Scrape a URL and return a summary of its content.

Request body:

{
  "url": "https://example.com/article",
  "maxLength": 500,
  "focus": "key findings"
}
Field Type Default Description
url string required URL to summarise
maxLength integer null Maximum summary length
focus string null Focus area for the summary

Example:

curl -s http://localhost:8308/supacrawl/summary \
  -H 'Content-Type: application/json' \
  -d '{"url": "https://example.com/article", "focus": "conclusions"}'

Async Jobs

The crawl, extract, and batch scrape endpoints are asynchronous. They follow a consistent lifecycle:

  1. Submit a POST request. The server returns {"success": true, "id": "<job-id>"} immediately.
  2. Poll with GET using the job ID. The response includes a status field.
  3. Status transitions: scraping (in progress), completed (finished successfully), failed (error occurred), cancelled (cancelled via DELETE).
# 1. Start a crawl
JOB_ID=$(curl -s http://localhost:8308/crawl \
  -H 'Content-Type: application/json' \
  -d '{"url": "https://example.com", "limit": 10}' | python -c "import sys,json; print(json.load(sys.stdin)['id'])")

# 2. Poll until complete
curl -s "http://localhost:8308/crawl/$JOB_ID"

# 3. Cancel if needed
curl -s -X DELETE "http://localhost:8308/crawl/$JOB_ID"

Concurrency Limits

A maximum of 3 concurrent async jobs (crawl, extract, and batch scrape combined) are allowed. Additional submissions return HTTP 429. This is configurable via SUPACRAWL_API_MAX_JOBS.

Pagination

GET endpoints for crawl and batch scrape paginate results (up to 10 MB per response). When more results are available, the response includes a next URL to fetch the next page.

Job Expiry

Jobs are stored in memory and expire after a configurable TTL (default 24 hours). Jobs are lost on server restart.

Configuration

Variable Default Description
SUPACRAWL_API_KEY unset Bearer token for authentication. When unset, auth is disabled
SUPACRAWL_API_HOST 0.0.0.0 Server bind address
SUPACRAWL_API_PORT 8308 Server bind port
SUPACRAWL_API_JOB_TTL 86400 Async job expiry in seconds (default 24 hours)
SUPACRAWL_API_MAX_JOBS 3 Maximum concurrent async jobs

Using with n8n

n8n has a built-in Firecrawl node. Point it at your local Supacrawl server:

  1. Install and start Supacrawl:

    pip install supacrawl[api]
    export SUPACRAWL_API_KEY=YOUR_KEY
    supacrawl serve
  2. In n8n, add a Firecrawl credential:

    • API Key: YOUR_KEY
    • API URL: http://localhost:8308
  3. Add a Firecrawl node to your workflow. It will use Supacrawl as its backend.

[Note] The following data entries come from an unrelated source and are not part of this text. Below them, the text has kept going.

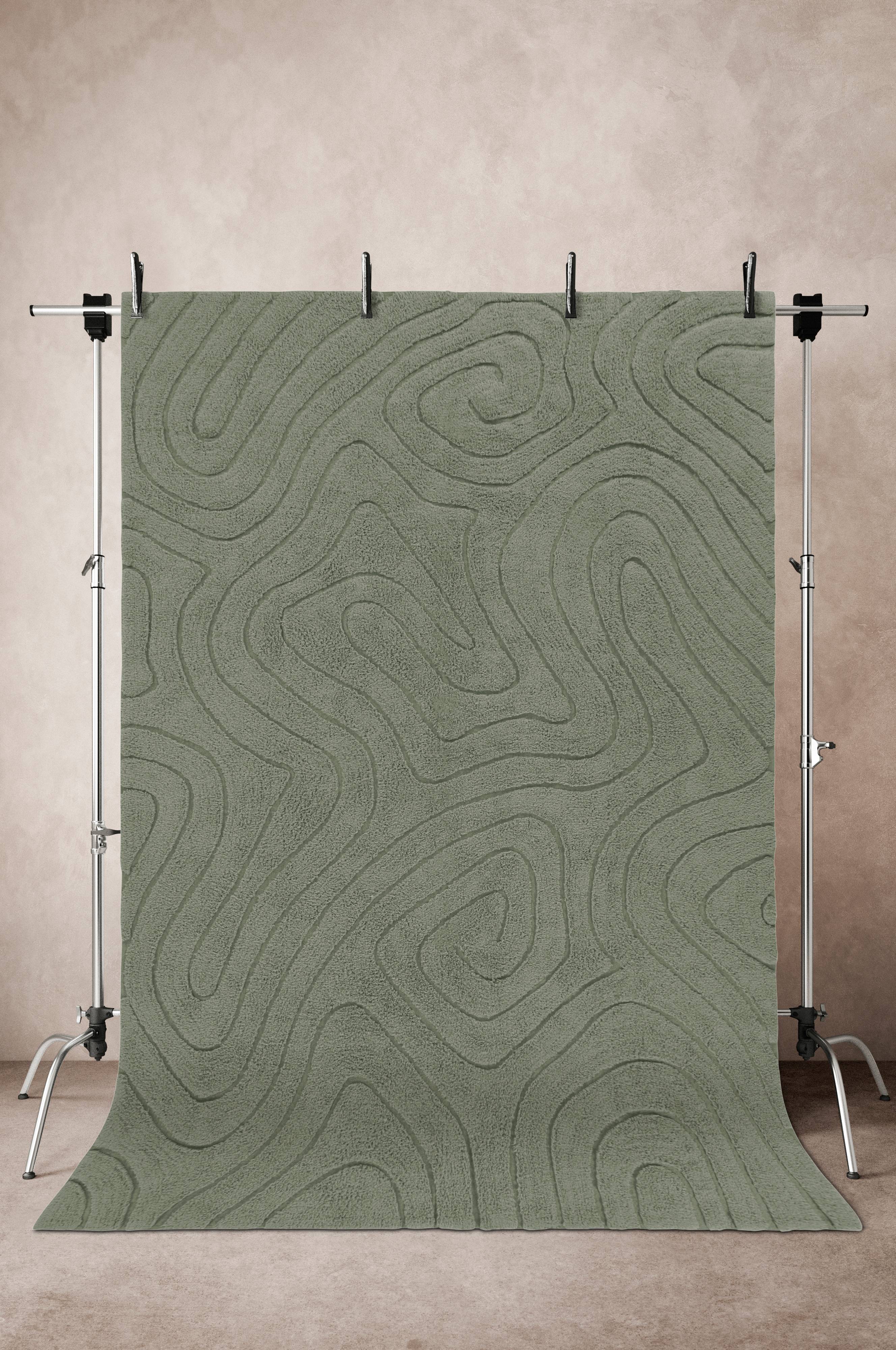 Getufteter Baumwollteppich mit einem dichten Flor aus herrlich weicher Baumwolle. Das unregelmäßig wogende, dezente Muster entsteht durch die unterschiedlichen Florhöhen. Florhöhe 1 cm. Dicke 1,1 cm. 1660 g/m².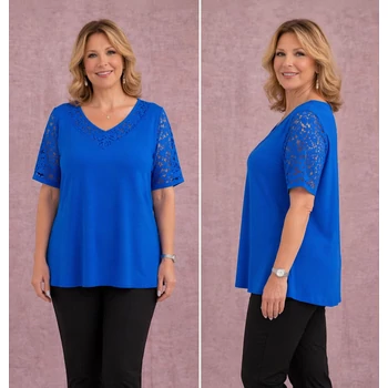 Elasztikus viszkóz anyagból készült igazán különleges A-vonalú tunika. Dekoltázsnál gondosan kidolgozott csipkeberakás található, amely a tekintetet szinte oda vonza. Ugyanez a csipke minta köszön vissza az ujjain is, ezzel téve igazán különlegessé. Kellemes viseletű praktikus felső vagy tunika bármilyen tavaszi és nyári alkalomra elegáns megjelenést adhat. Hossza: 87 cm. Magas minőségű, Olaszországból származó, egyméretes termékünk. Ajánlom 50, 52, 54, 56, 58, 60-as méretet viselő Hölgy vevőinknek |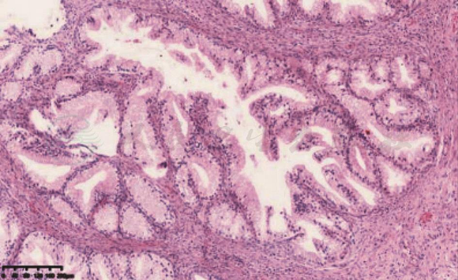 可见宫颈腺体呈现小叶状增生,腺泡排列密集,腺腔大小不等,部分腺腔内可见乳头结构,细胞胞浆透亮,呈现胃幽门腺化生,部分细胞核增大,移向腺腔面。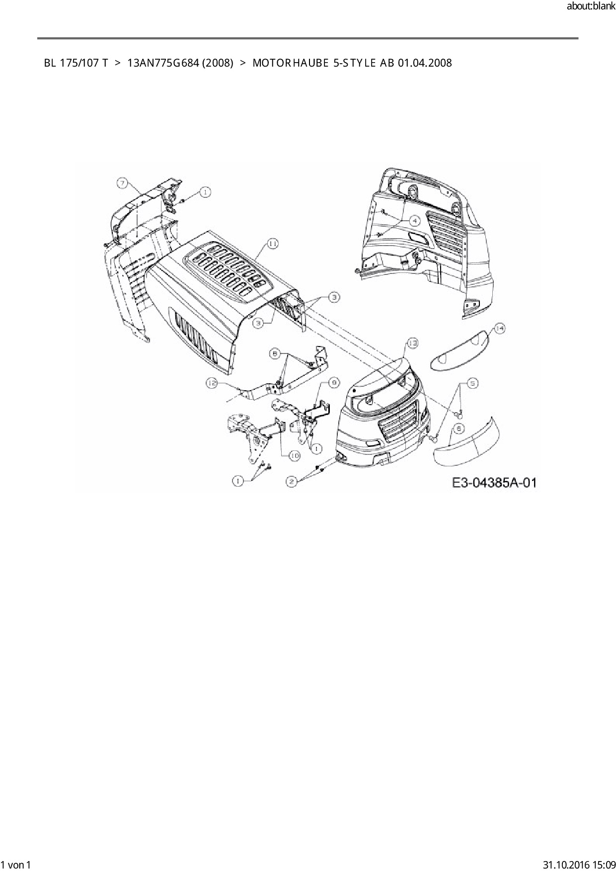 Ersatzteile für Rasentraktor Bolens BL 175/107 T aus der Zeichnung Motorhaube 5-Style ab 01.04.2008: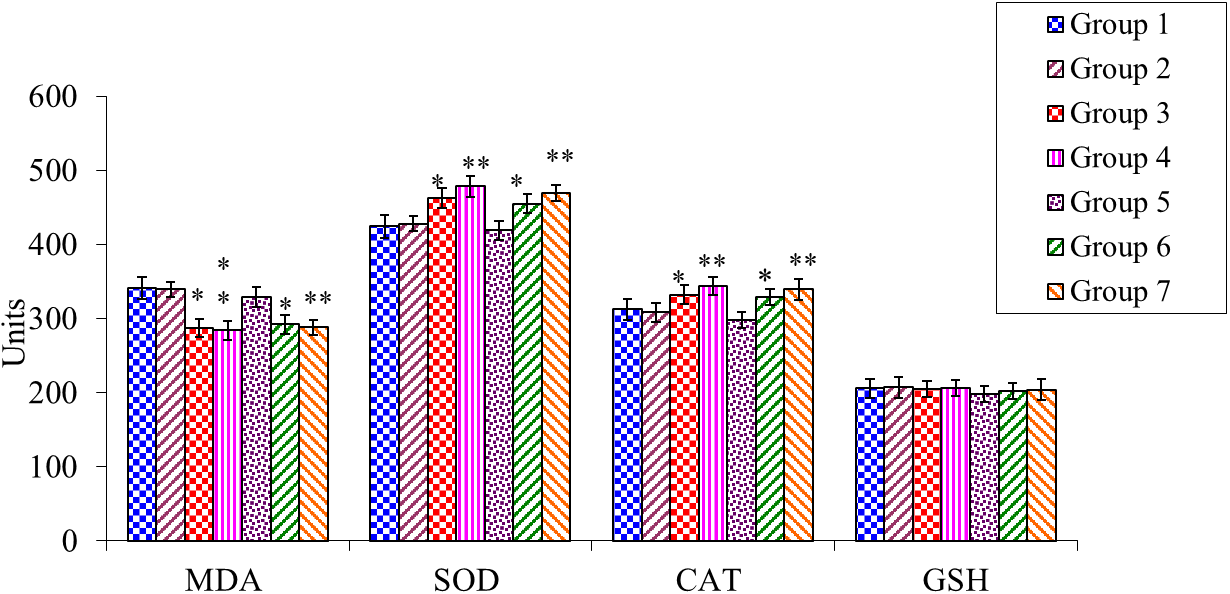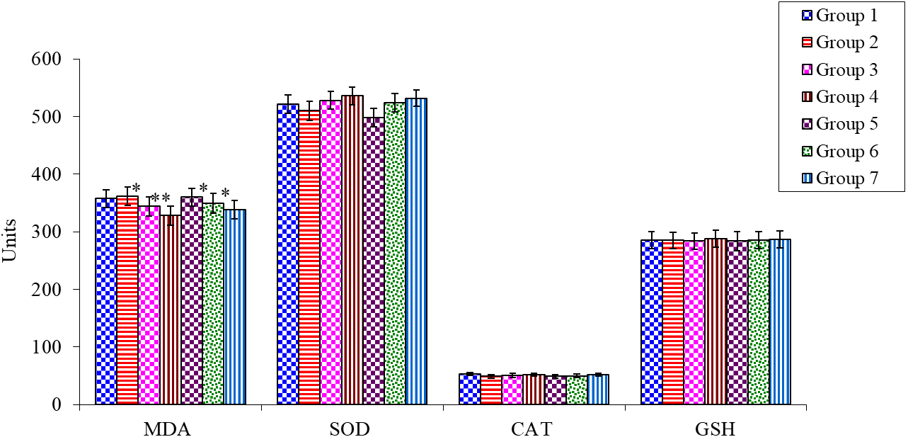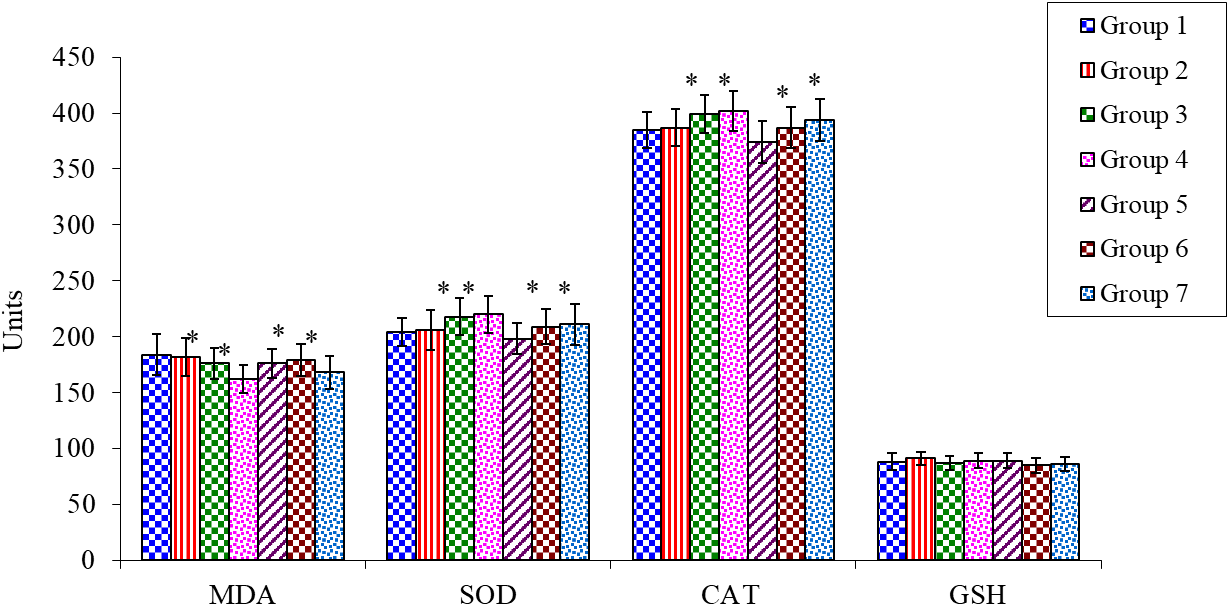 | Group | MDA (nM of TBARS mg-1of protein) | SOD U/mg protein | CAT U/mg protein |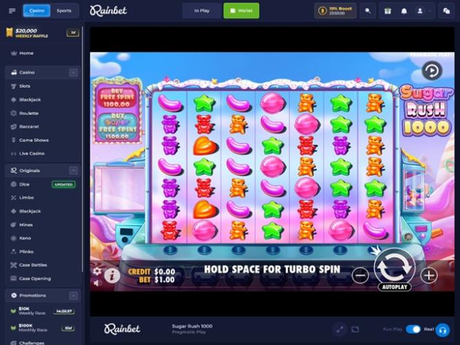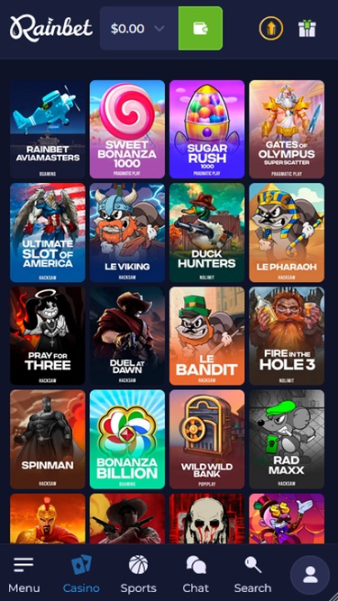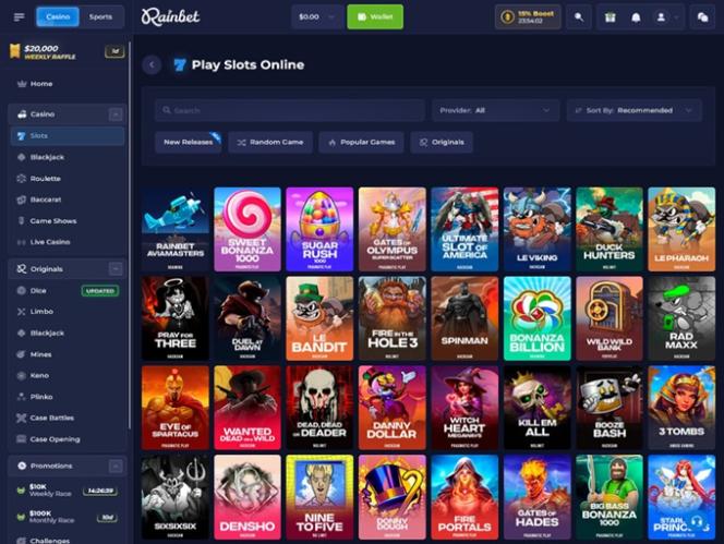 كما ذكرنا سابقًا، تقدم Rainbet مجموعة واسعة من ألعاب الكازينو. تشمل هذه المجموعة أيضًا ألعابًا من شركات معروفة مثل Pragmatic Play و Relax Gaming وHacksaw Gaming وPlay'n GO و Red Tiger Gaming وSpinomenal وEndorphina و Onlyplay وBooming Games وغيرها الكثير!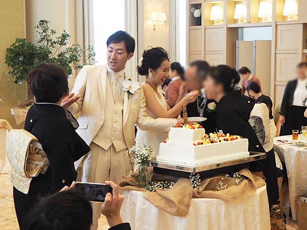 「サンクスバイト」とは、ウェディングケーキを新郎新婦からお世話になった誰かに、感謝の気持ちを込めて食べさせてあげる演出のこと。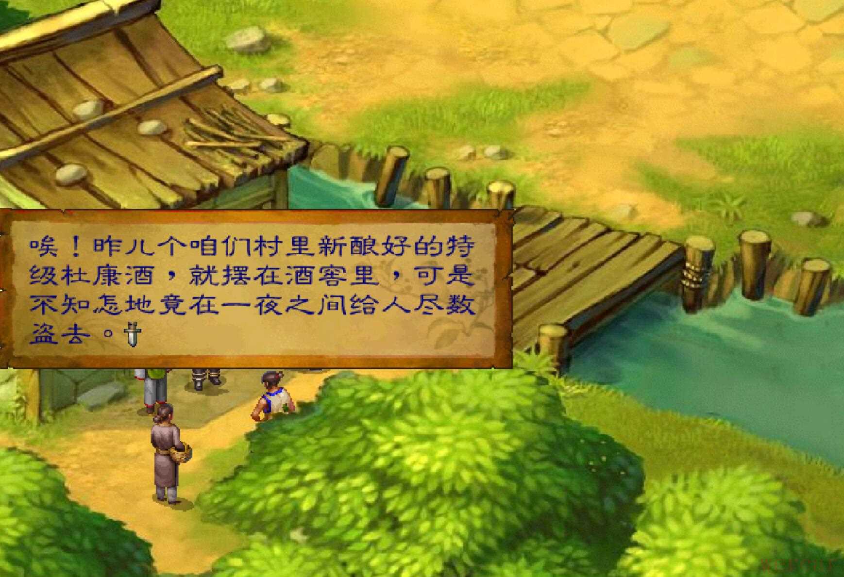 杜康村这里的事件还真不少,先是杜康酒失窃,后期大地图模式还要在这里钓怪鲶鱼。必须使用蛇胆哦!
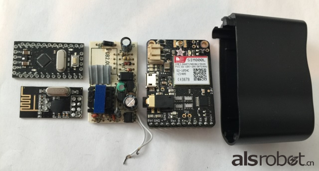 机身内装有 Arduino Pro mini、RF 模组、移动电话模组以及电源模组。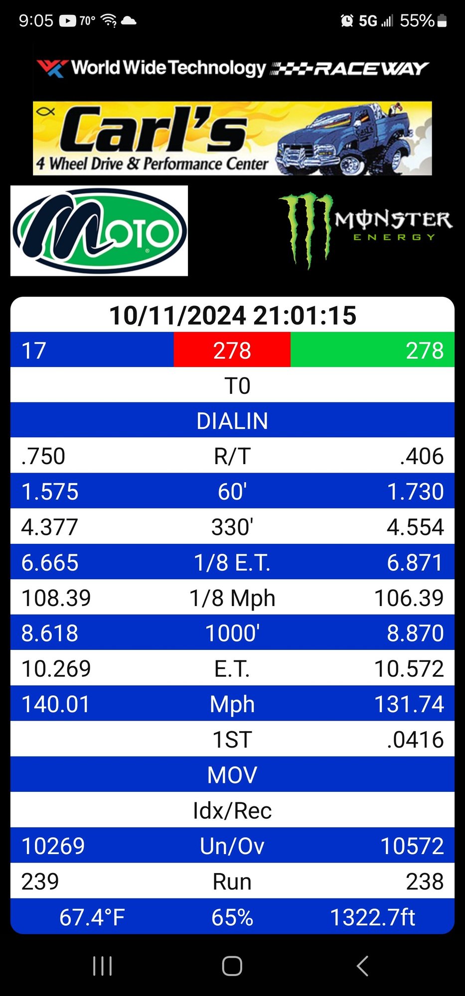 I was fighting traction issues all night. Best i could 60ft was a 1.73 spinning in 1st gear at part throttle. When it shifted into 2nd gear it would spin more. On the data log it showed, top of 1st gear at 48mph, it shifting into 2nd and the mph dropping back down to 36mph.

n8n verifies credentials by calling GET /team/credit-usage. Supacrawl returns a valid response, so the credential test passes.

Error Responses

All errors use a consistent envelope:

{
  "success": false,
  "error": "Human-readable error message"
}

Status Codes

Code Meaning
200 Success
400 Bad request (invalid input). FastAPI's 422 validation errors are remapped to 400 with the standard error envelope
401 Missing or invalid API key
404 Job not found
429 Too many concurrent async jobs
500 Internal server error

Protocol Notes

  • The API accepts camelCase field names (matching the Firecrawl v2 protocol) and translates to snake_case internally.
  • Unsupported v2 fields are accepted silently and ignored. Clients do not need modification.
  • CORS is permissive (all origins) by default, suitable for local and homelab deployments.